The summer air washed over them. Hicks shivered, scared and shocked. He pulled Winnie along until they were out in the open, away from the building’s shadow. It felt safe—safer—in the open.
Winnie slumped against him, sucking in air. She was wearing a grey uniform top—for a waitress or a maid—over smudged white Capri pants. The nametag on her chest read, “Carmela.”
“The car’s right up there,” Hicks said, indicating
the road above them. “Your husband’s probably waiting for us.” Hicks couldn’t even guess where Lloyd was, but somehow it seemed like the right thing to say. He started to move toward the road, but Winnie stopped him.
“Chief.” She dipped her head toward the ground, reading the gravel like tea leaves. “I’m sorry about my language back there.”
Hicks relaxed, patted her arm. “That’s fine, Winnie. Just fine.” He started to move again, but she held him in place.
“We don’t have to tell Johnny about . . . you know. What was happening in there.” Her eyes bore into him.
Hicks realized all at once that he was going to lose control, start crying right in front of her. “No, of course not,” he croaked, struggling to keep his voice from breaking. “After all, nothing happened.”

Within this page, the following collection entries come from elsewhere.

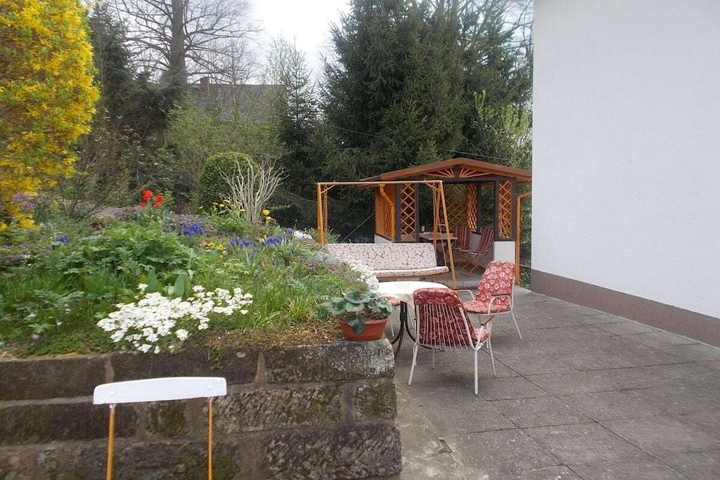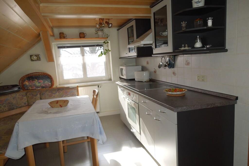 In der 2. Etage: (Wohnzimmer(, , Bibliothek, TV, Radio), Küche(, , , Kochnische, Esstisch, Herd, Kochplatte, Wasserkocher, Toaster, Kaffeemaschine, Mikrowelle, Spülmaschine, Kühlschrank, Tiefkühlschrank)) Dachgeschoss: (Badezimmer(, Toilette, Badewanne, Dusche, Waschbecken)) Schlafzimmer(, Doppelbett), Schlafzimmer(, Doppelbett), Internet, Internet, Garten, Gartenmöbel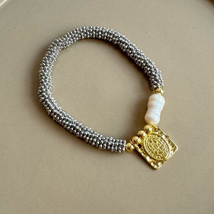 Para las que aman lo simbólico y elegante 🙏. Pulsera con cuentas plateadas + detalles dorados y medalla de San Benito.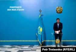 Корреспондент Азаттыка в Алматы побывал на участке № 350. Перед началом голосования прозвучал гимн Казахстана.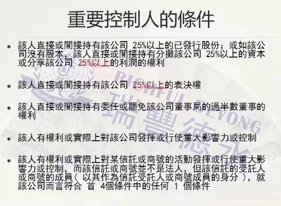這里需要重點關注一下“公司指定代表”的幾個重要條件,現(xiàn)在市場很多小的香港公司注冊中介和代理可能無法達到上述要求,因此在辦理“備存重要控制人登記冊”的時候,一定要找符合條件和資質的機構來做,否則可能出現(xiàn)錢花了事情未辦妥的情況。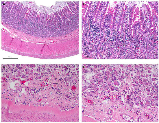 In addition to the quantitative analyses, a qualitative assessment was performed by an experienced pathologist. Diabetic cats exhibited gut-associated lymphoid tissue (GALT) hyperplasia (Figure 6) and inflammatory infiltrate (Figure 7) throughout all sections of the GI tract, which were absent in control animals. The inflammatory infiltrates were predominantly lymphoplasmacytic, with occasional eosinophils (Figure 7B). These infiltrates were more pronounced in the small intestine but were also observed in the stomach and colon. They were primarily located within the mucosa, although a smaller number of inflammatory cells extended into the submucosa. In the small intestine, the infiltrate was so exuberant that it disrupted the normal mucosal architecture, leading to villous enlargement and increased spacing between crypts. Additionally, a marked accumulation of inflammatory cells was noted within intestinal vessels, consistent with leukocytosis (Figure 7D). The histological findings are characteristic of gastroenteritis.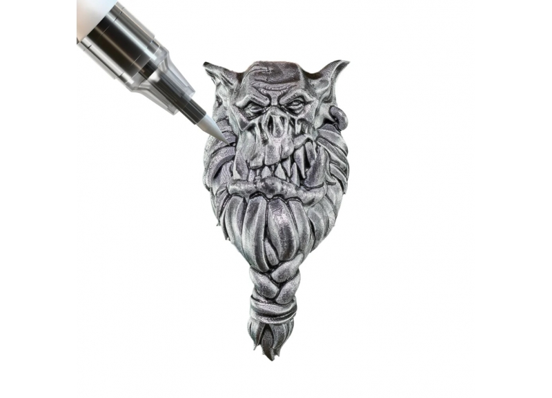 Brilliant metallic silver for weapons, armour, and mechanical details. Metallic pigment stays consistent from first stroke to last.

He turned away so she wouldn’t see his face; he strode toward the Bronco. He wanted to get the rifle from the back of the vehicle—he needed a gun in his hands. He heard her padding along behind him and realized she was barefoot. He blinked hard as his eyes watered: what the hell was wrong with him? He was a police officer—he had to start acting professional.

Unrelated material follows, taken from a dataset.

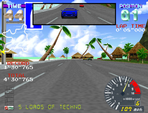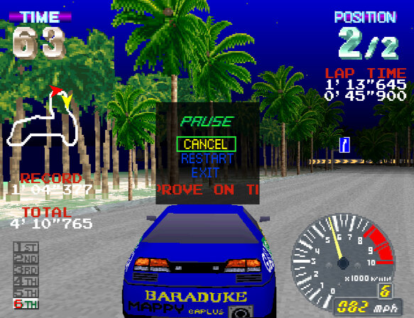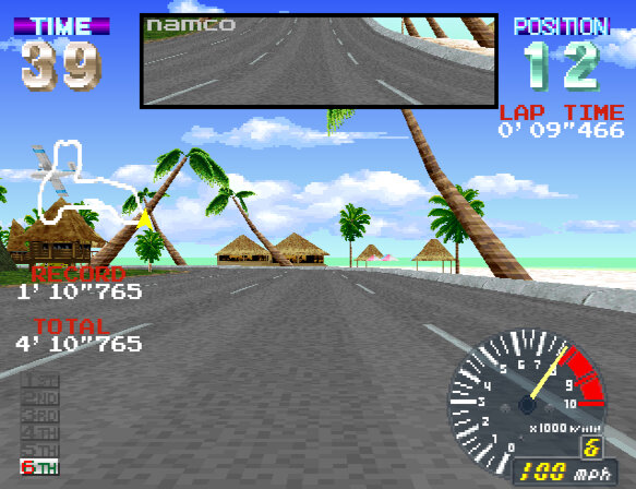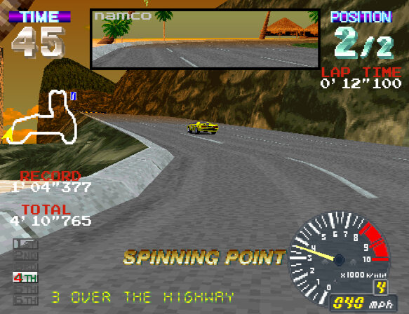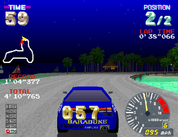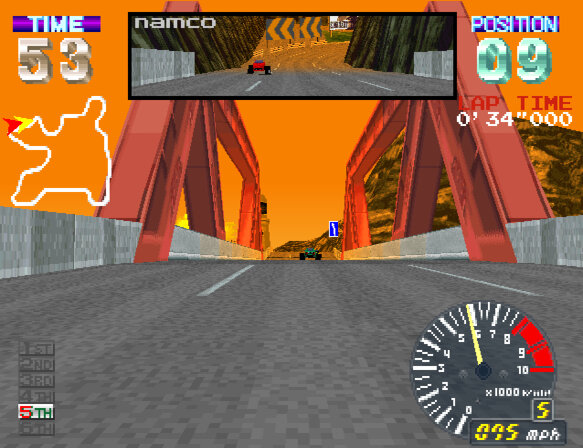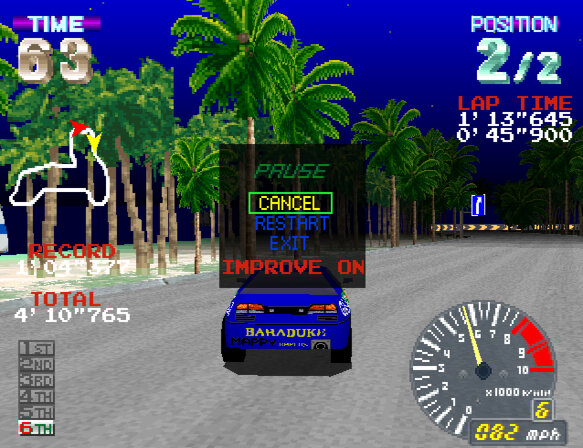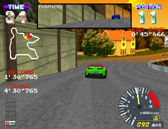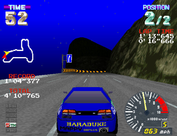 To keep a stable 30FPS, which was the game’s target framerate, certain changes are made to the enemy opponents, where you only have up to 4 cars on screen at the same time, of which the AI-controlled cars are more spread out across the track. In contrast to the early titles where you will pass multiple cars in the same area, in R4 the opponents feel spaced out and you pass by them in a linear fashion.

He unlocked the Bronco and angrily wrenched open the door. He had gotten Winnie out safe. That was good, but now he had to go back in and get the Johnson boys. Lloyd was still in there, alone and probably outgunned. He’d lock Winnie in the back of the truck, tell her to stay down, out of sight. He brought out the department’s precision rifle, checked that it was loaded. Leaning the gun against his shoulder, he slammed the door and noticed what was in front of the Bronco: nothing. “Shit,” he said. The Eldorado. It was gone.